Not only that, but getting stars to form using pure hydrogen is tricky. That helium helped early stars collapse and ignite. Not seeing any helium in an early-universe object is a big deal, suggesting some sort of error.
You are regurgitating almost pure grievance against people who just want to study the universe.
Every researcher in every field all the time wants more data, better studies, more evidence. That is basically what science is.
This attitude about "those damn smug scientists who think they know everything" emerges from authoritarian nationalists selling resentment politics, and it has led to widespread violence against scientists in the past. Its prevalence in Germany is one part of why the US got the bomb first, and its prevalence in the Soviet and Chinese systems is part of why were not able to keep up with us economically (until recently).
This political project actively intends to defend enterprises like JWST (sometimes even after building and launching the damn thing!), and current budgets have dozens of existing projects being shut down for good.
Another thing people are unaware of is that the majority of scientists are experimentalists, not theoreticians. Why would we want to be experimental scientists at all?
"Scientists having to face the fact that their theories aren't perfect" - I think you fundamentally misunderstand how science works, or else you hang out with some extremely arrogant astronomers.
Why do you think they put the JWST up there, if not to get better data and thereby improve our understanding of the universe? If we thought our theories were already perfect, what would be the point in doing more research?
> Why do you think they put the JWST up there, if not to get better data and thereby improve our understanding of the universe?
Think about how much effort scientists had to make, to bring JWST into existence. The funding proposals, the design, the engineering to get it launched. Generations of effort, entire careers dedicated just to making it happen.
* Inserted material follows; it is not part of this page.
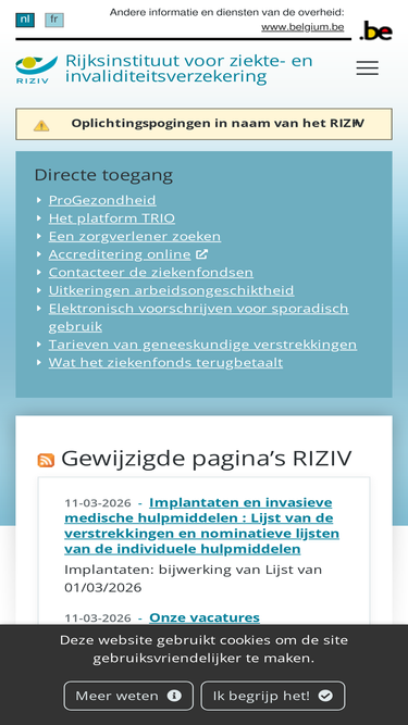 85%Verwerkingsverantwoordelijke In toepassing van artikel 3 van de wet van 6 augustus 1990 betreffende de ziekenfondsen en de landsbonden van ziekenfondsen, moeten de landsbonden en de ziekenfondsen minstens één dienst oprichten die als doel heeft: deelname aan de uitvoering van de verplichte verzekering voor geneeskundige […]

All of that effort sings one song: we don’t know, and we want to learn.
"Face the fact"? These scientists are very excited to find a whole new era of the universe that they don't understand:
> QSO1 and the rest of the little red dots “tell us we don’t know anything,” said John Regan, a theorist at Maynooth University in Ireland. “It has been really exciting and very electrifying for the field.”
This is pure candy to a scientist. "Holy crap, we have no idea what this object is or how it formed" was always the hoped-for outcome for the JWST. Nobody wanted to see more of the same, especially not for the price.
JWST didn't just "happen". It was conceptualized, designed, built and launched by the very scientists who wanted to test and improve their theories. No serious scientist thinks that their theories are perfect or that they have all the answers. Quite the opposite, usually. They're constantly challenging each other and themselves with the common goal of approximating reality with their models better and better. Science would never have come as far as it did if it were any different.
Where does this sheer ignorance come from? Clearly you've never worked with scientists in any capacity.
N.B. This is a supermassive black hole without a galaxy, not a naked singularity. The cosmic censorship hypothesis is still safe.
I'd certainly hope the headline would be a bit more dramatic if they'd found a naked singularity!
The Universe, modestly redacting its genitals from view since 0 + 1 Planck times.
> “The most plausible explanation seems to be [that] the black hole developed before the galaxy,” said Marta Volonteri (opens a new tab), a theorist at the Paris Institute of Astrophysics who helped with the new analysis of QSO1.
For those that like science communication in video form, Becky Smethurst's YouTube channel has a ton of great info on super massive blackholes, and cosmology in general, from a practitioner in the field. Here's one from a month ago about the evidence (then) for whether super massive black holes or galaxies came first:
https://www.youtube.com/watch?v=B9yDWbilIG4
The science appears to be moving very quickly with all the new info from JWST.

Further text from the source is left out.